A cargo diversion triggered by a four-week labor dispute at C&H Sugar's Crockett refinery has put raw sugar alongside coal and petroleum at Richmond's Levin terminal, prompting calls for a health investigation. The Contra Costa County Health Department has not yet issued findings.

A cargo diversion triggered by a four-week labor dispute at C&H Sugar's Crockett refinery has prompted a Richmond city official to call for a public health investigation after raw sugar was photographed stored at an industrial terminal alongside coal and petroleum products.

The storage arrangement at the Levin Richmond Terminal is a direct consequence of a strike by approximately 100 warehouse workers represented by ILWU Local 6, which began June 15, 2026. With maritime workers in ILWU Local 10 declining to cross the picket line at the Crockett facility in solidarity, C&H Sugar diverted incoming shipments — including cargo from the vessel Tai Herald, which sat anchored in San Francisco Bay since the strike's first day — to the Levin terminal instead.

Richmond City Councilmember Claudia Jimenez, speaking to ABC7 News, said city staff observed sugar stored on the ground at the site. "Sugar, which is a food product, is being dumped here next to coal and petroleum products," she said, adding that uncovered coal piles at the terminal create potential cross-contamination risk on windy days. The city contacted the Contra Costa County Health Department to investigate. As of July 9 no official findings or public statements from the health department had been issued, and C&H Sugar's parent, ASR Group, had not publicly addressed the specific storage conditions at Levin.

C&H told ABC7 in a general statement: "In terms of quality, there is no difference in using this terminal instead of ours. Raw sugar is not food grade until" processed — a qualifier the company relied on to dismiss the concerns, but one that doesn't settle what happens to raw sugar that absorbs coal dust before it reaches the refinery.

The underlying strike is the first at the Crockett facility since 2003 — and the core fight is a familiar one. C&H, owned by ASR Group (approximately $1.6 billion in 2025 revenue, per ILWU.org), proposed eliminating retiree healthcare for roughly 100 retired and pre-2008 workers nearing retirement, shifting overtime calculations from a daily 8-hour threshold to a weekly 40-hour threshold — which the union says could cut some workers' pay by up to 50% — and reducing paid sick leave from 10 to 5 days annually. The company's offer included a 2% signing bonus and a claimed 20% wage increase over five years.

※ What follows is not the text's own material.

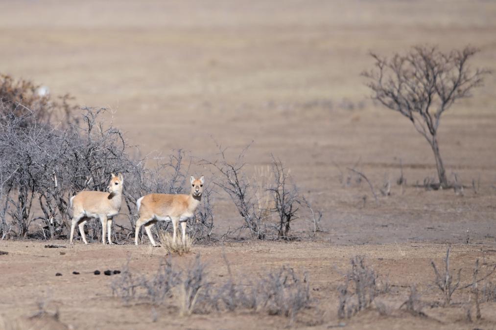 1月24日,青海省海北藏族自治州剛察縣哈爾蓋鎮境內的草原上的普氏原羚。新華社記者 張龍 攝

ILWU Local 6 Secretary-Treasurer Jose Nunez offered the union's bottom line: "We are out on strike until C&H Sugar agrees to come back to the bargaining table to negotiate in good faith," per ILWU.org. ASR Group VP of Corporate Relations Peter C. O'Malley offered the standard counterpoint in a statement to the Vallejo Sun — "an open and constructive dialogue" toward "long-term sustainability" — while the company hired replacement workers and General Manager Hitesh Modgil sent striking employees a letter offering a $1,000 return-to-work bonus.

On June 26, ILWU Local 6 filed unfair labor practice charges with NLRB Region 32 in Oakland, alleging bad-faith bargaining, premature impasse declaration, and unlawful termination of strikers; no hearing date has been set.

What remains open: whether the Contra Costa County Health Department finds actual contamination risk at Levin — the answer matters both for the sugar headed to grocery shelves and for whether C&H's workaround amounts to a reasonable business continuity move or something more adversarial. The NLRB investigation, the next round at the bargaining table, and the health department's findings are the three things to watch. In 2003, the Crockett workers struck to protect the same retiree benefits; that dispute ended in a settlement. Whether this one follows the same arc — or hardens before it resolves — is still to be determined.